Его спутник не в состоянии возражать, и оба путника опускаются на землю. Миниатюрный лес дает им не только укрытие, но мягкое ложе, поскольку крошечные стволы и ветви устилают землю под телами беглецов. Те бодрствуют достаточно, чтобы перевязать по возможности рану Хэмерсли, после чего проваливаются в забытье.
Сон молодого прерийного торговца некрепок и неглубок. Страшные видения проплывают перед его мысленным взором: сцены кровавой расправы. Он то и дело резко пробуждается, а пару раз даже тревожит своего компаньона криком.

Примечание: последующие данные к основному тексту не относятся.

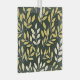 Seamless pattern of stylized yellow and cream leafy branches against a dark green, speckled background.
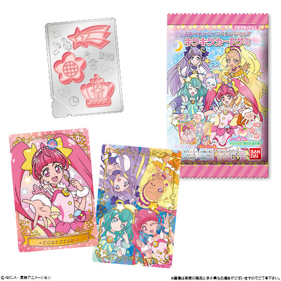 スター☆トゥインクルプリキュア キラキラカードグミ お気に入り お気に入り登録とは? 価格 100円(税込:110円) 発売日 2019年1月28日 発売 売場 全国量販店の菓子売場等 対象年齢 3才以上 商品アンケート 2018年2月放送開始の新番組『スター☆トゥインクルプリキュア』からキラキラカード付きトレーグミが登場です!本商品オリジナルの描き下ろしイラストを使用したコレクションカードと、ピーチ味(無果汁)のトレーグミ(トレー1枚にグミが3個付き)がセットになっています。表面にはメタリック&キラキラ加工を施し、高級感のあるプラ製のカードになっています。 ●カード 1枚(全15種)●グミキャンディ10g (C)ABC-A・東映アニメーション ※画像には複数ラインナップを組み合わせて撮影したものも含まれます。 ※価格はメーカー希望小売価格表示です。 ※店頭での商品のお取り扱い開始日は、店舗によって異なる場合がございます。 ※画像は実際の商品とは多少異なる場合がございます。 ※掲載情報はページ公開時点のものです。予告なく変更になる場合がございます。

В другой обстановке Уолт Уайлдер почивал бы так же крепко, как если почивал на кушетке в бревенчатой хижине за тысячу миль от этого опасного места. Для него не впервой спать под аккомпанемент воплей дикарей. Последние лет двадцать он ежедневно или еженощно устраивал свое могучее тело на отдых на склоне горы или на плоской равнине, имея к утру куда больше шансов лишиться скальпа, чем сохранить его. Десять лет он входил в состав техасских рейнджеров – это странной организации, ведущей начало с того самого времени, как Стивен Остин[24] основал свою колонию в земле «Одинокой звезды». Если в ту ночь экс-рейнджер был взволнован больше обычного, то это по причине переживаний за товарища, а также из-за тех ужасных испытаний, которые им довелось перенести. Но вопреки всему спал Уолт как убитый и время от времени храпел, как аллигатор.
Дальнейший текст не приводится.